MELT is a lispy dialect, and is bootstrapped in the sense of being its
own tranlator.
Could you understand that for me Basile (who don't know doxygen's
internals), since I am MELT designer & implementor, and since MELT
translator (i.e. the code generating C code from MELT source) has been
implemented by me Basile in MELT, it is much easier to implement MELT
documentation's generator in MELT than to patch Doxygen for that
purpose.
So why using Doxygen is permitted for documentation generation, while
using a GCC plugin or branch (this is what MELT is) is prohibited?

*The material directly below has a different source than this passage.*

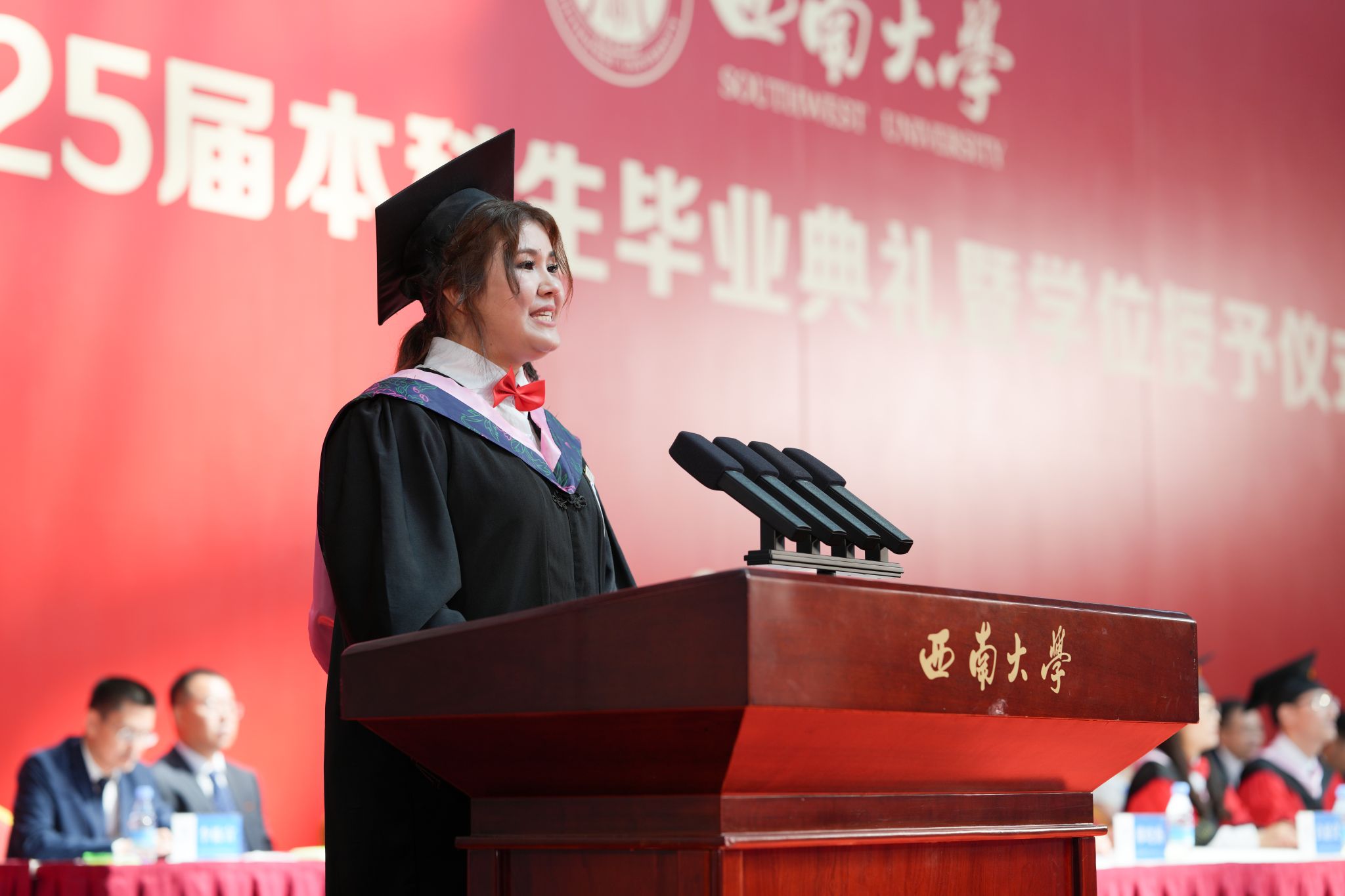 在悠扬振奋的《Beat365中文官方网站校歌》歌声中,毕业典礼暨学位授予仪式圆满结束。真诚祝愿西大学子始终心怀理想,初心如炬,踏浪而行!

Could people understand at least my misunderstanding? Why generating
documentation with Doxygen (probably not a GNU, FSF copyrighted,
software like GCC is) is permitted, while generating the documentation
of a branch of GCC [=MELT] with itself, [MELT=] a branch or plugin of GCC is
prohibited?
Sorry, I don't understand the logic here. And I am not sure it is only a
cultural (I am French, not US American) or language issue (I am not a
native English speaker).
OF course, I don't claim that MELT documentation generating mode is as
powerful & as complete as Doxygen. It is actally a very simple hack
(only generating .texi format) much less powerful than doxygen.
Please explain me why using Doxygen is permitted, while using a branch
of GCC is not permitted, to generate that same's branch documentation.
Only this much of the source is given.